### THE TASK
In the material below, begin at the line that has "Russia has pushed", stop after the line that has "8.26 민중민주당(민중당)은 한국프레스센터앞에서", and transcribe those lines exactly, without pictures.

### DATA IN THIS EXERCISE

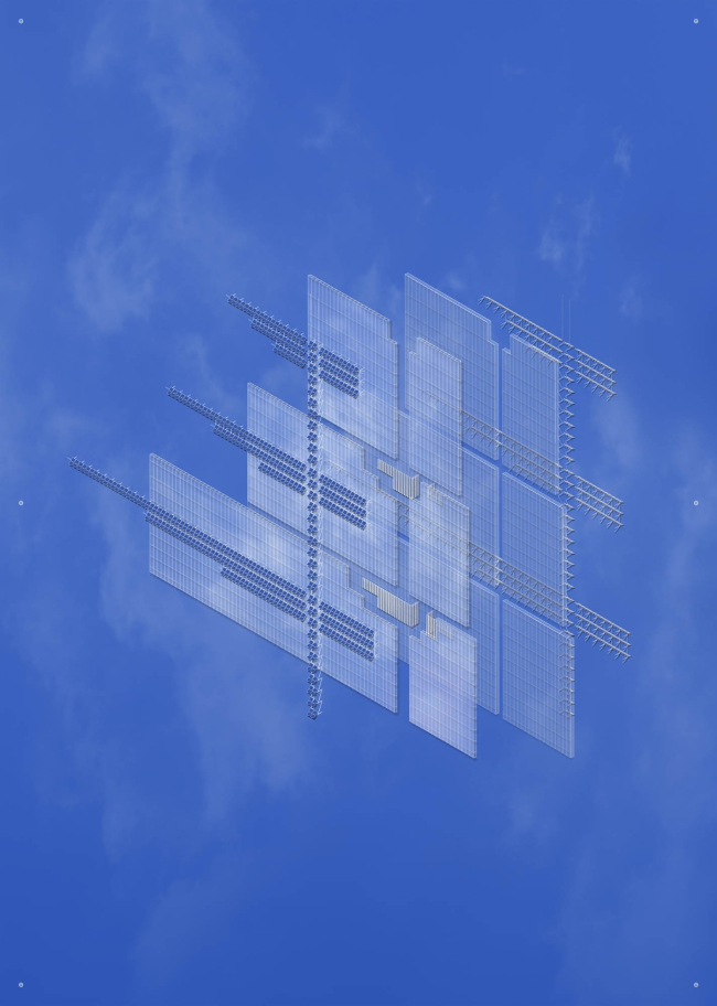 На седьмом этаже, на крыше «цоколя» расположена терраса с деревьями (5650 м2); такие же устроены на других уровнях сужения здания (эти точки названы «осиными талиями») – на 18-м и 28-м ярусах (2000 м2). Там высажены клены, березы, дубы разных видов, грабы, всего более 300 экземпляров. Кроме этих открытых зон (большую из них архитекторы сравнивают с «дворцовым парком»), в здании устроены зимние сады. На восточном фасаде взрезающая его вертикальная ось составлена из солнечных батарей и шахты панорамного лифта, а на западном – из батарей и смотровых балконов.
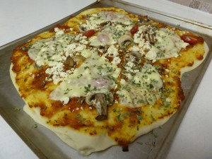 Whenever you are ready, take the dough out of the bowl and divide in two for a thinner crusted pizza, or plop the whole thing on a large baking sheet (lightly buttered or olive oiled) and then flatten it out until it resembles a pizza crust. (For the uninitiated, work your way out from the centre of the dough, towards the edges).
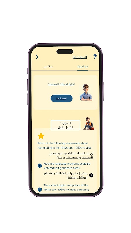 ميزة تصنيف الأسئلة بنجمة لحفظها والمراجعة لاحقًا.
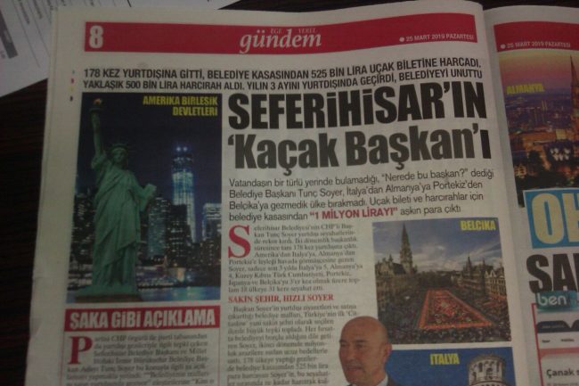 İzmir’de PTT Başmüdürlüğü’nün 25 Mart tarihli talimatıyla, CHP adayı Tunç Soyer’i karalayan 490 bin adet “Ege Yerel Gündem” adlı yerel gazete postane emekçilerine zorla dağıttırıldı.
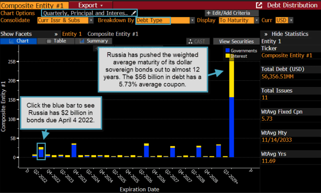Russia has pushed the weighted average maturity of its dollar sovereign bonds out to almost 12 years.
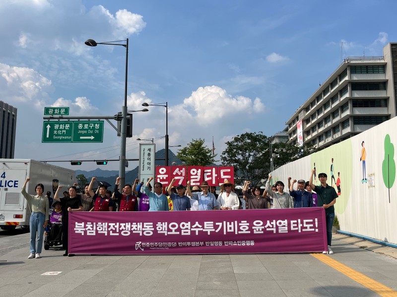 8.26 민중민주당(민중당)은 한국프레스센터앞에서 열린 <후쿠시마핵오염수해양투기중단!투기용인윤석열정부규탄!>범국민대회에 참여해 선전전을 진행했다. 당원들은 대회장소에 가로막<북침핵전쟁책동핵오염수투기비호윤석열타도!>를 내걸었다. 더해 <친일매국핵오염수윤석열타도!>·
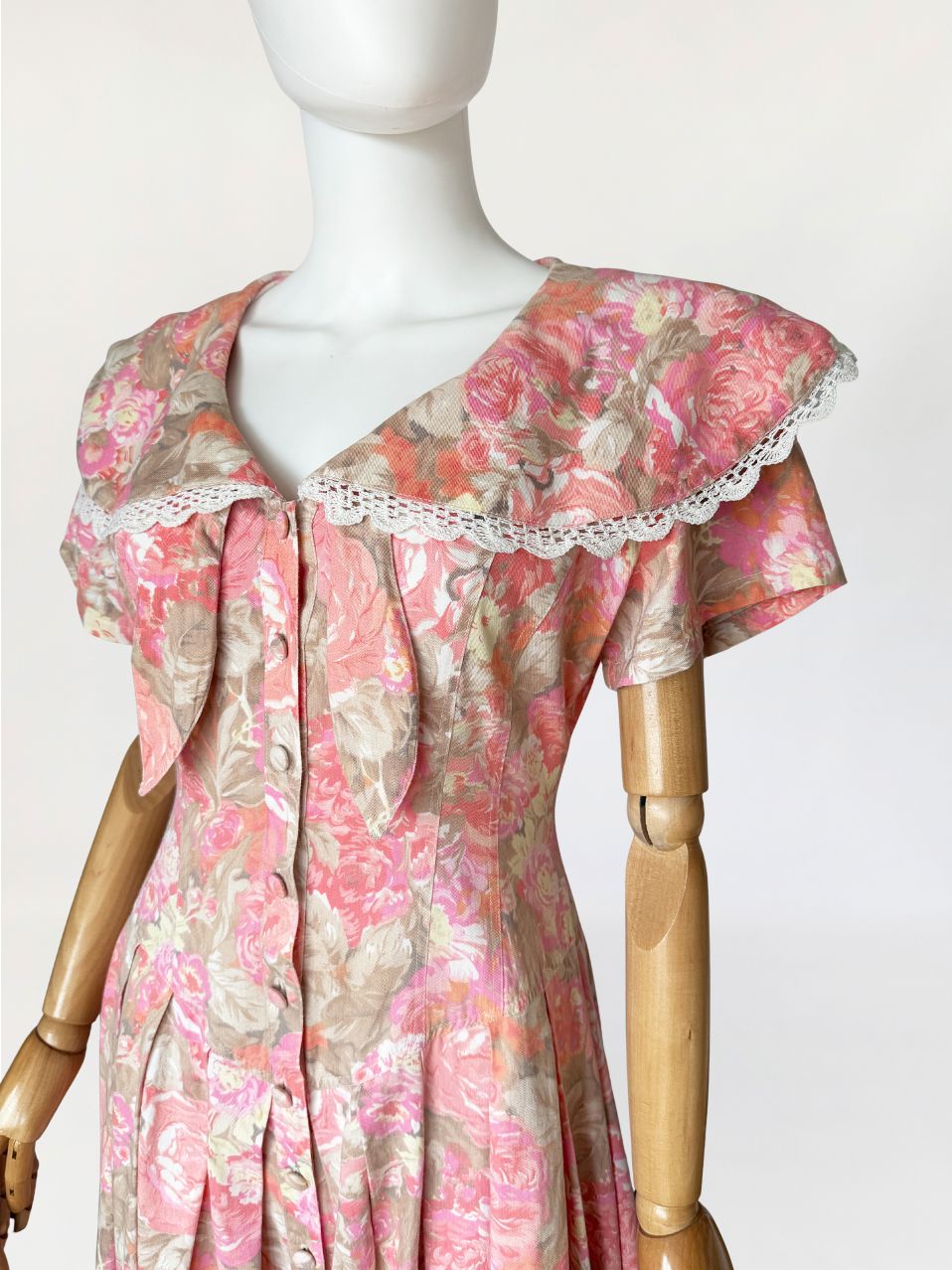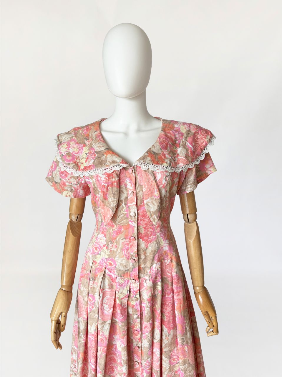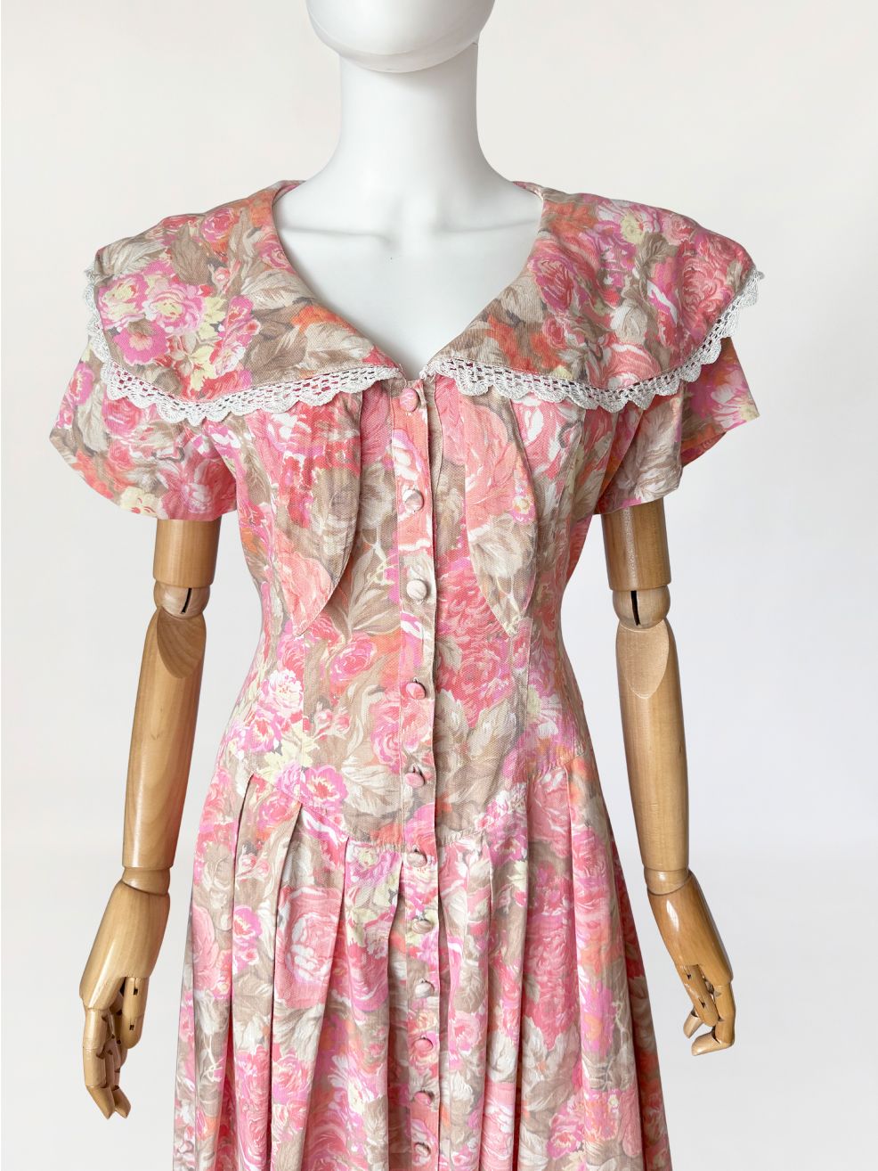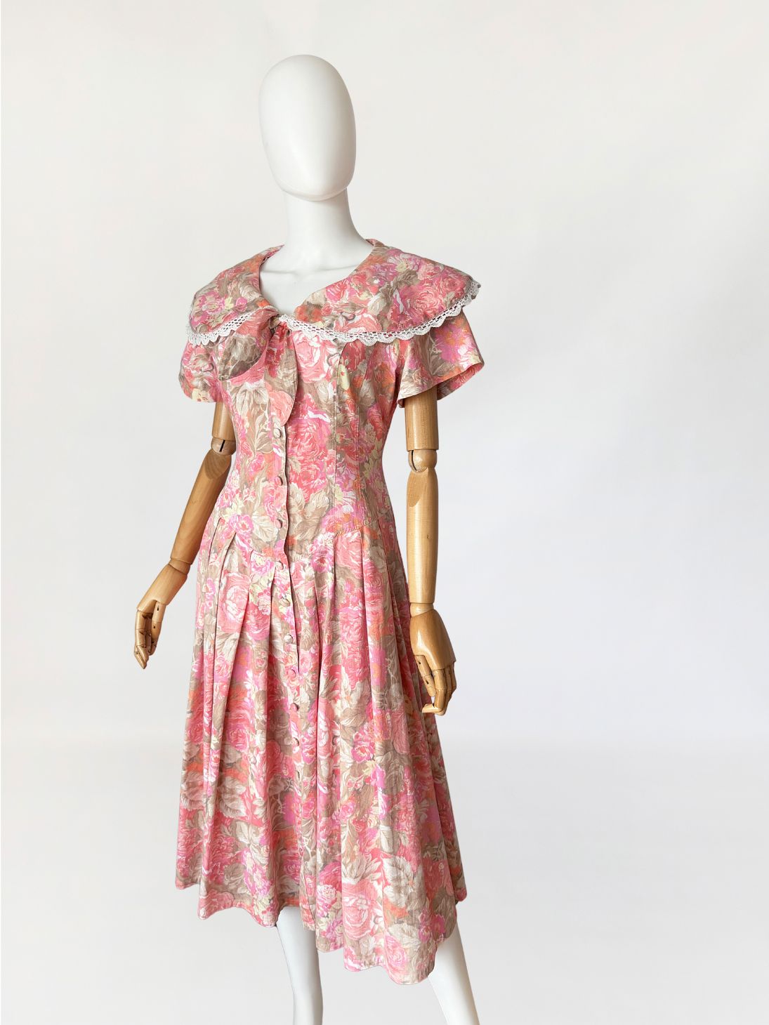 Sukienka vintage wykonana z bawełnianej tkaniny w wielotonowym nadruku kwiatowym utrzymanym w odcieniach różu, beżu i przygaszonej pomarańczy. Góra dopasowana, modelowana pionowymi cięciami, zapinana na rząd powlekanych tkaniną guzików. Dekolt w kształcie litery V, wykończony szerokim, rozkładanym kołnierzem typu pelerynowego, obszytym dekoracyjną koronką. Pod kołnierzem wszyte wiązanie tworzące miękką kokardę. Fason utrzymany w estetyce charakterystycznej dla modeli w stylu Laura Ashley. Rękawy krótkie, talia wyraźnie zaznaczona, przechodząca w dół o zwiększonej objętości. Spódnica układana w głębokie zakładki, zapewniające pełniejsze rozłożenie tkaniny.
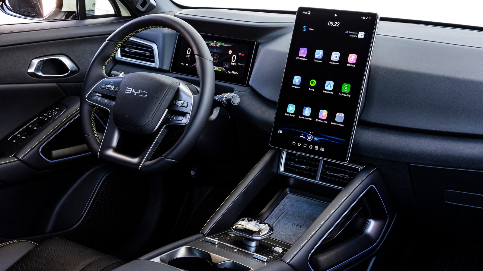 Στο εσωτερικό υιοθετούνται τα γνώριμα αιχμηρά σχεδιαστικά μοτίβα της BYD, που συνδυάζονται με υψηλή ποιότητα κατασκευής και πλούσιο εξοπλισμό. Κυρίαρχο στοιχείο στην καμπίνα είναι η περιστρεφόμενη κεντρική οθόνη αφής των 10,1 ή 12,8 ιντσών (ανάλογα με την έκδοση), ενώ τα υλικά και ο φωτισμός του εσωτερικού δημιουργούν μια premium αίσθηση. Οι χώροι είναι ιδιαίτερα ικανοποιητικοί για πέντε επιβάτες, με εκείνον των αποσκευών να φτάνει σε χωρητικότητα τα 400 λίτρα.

### ANSWER BELOW
Russia has pushed the weighted average maturity of its dollar sovereign bonds out to almost 12 years.
 8.26 민중민주당(민중당)은 한국프레스센터앞에서 열린 <후쿠시마핵오염수해양투기중단!투기용인윤석열정부규탄!>범국민대회에 참여해 선전전을 진행했다. 당원들은 대회장소에 가로막<북침핵전쟁책동핵오염수투기비호윤석열타도!>를 내걸었다. 더해 <친일매국핵오염수윤석열타도!>·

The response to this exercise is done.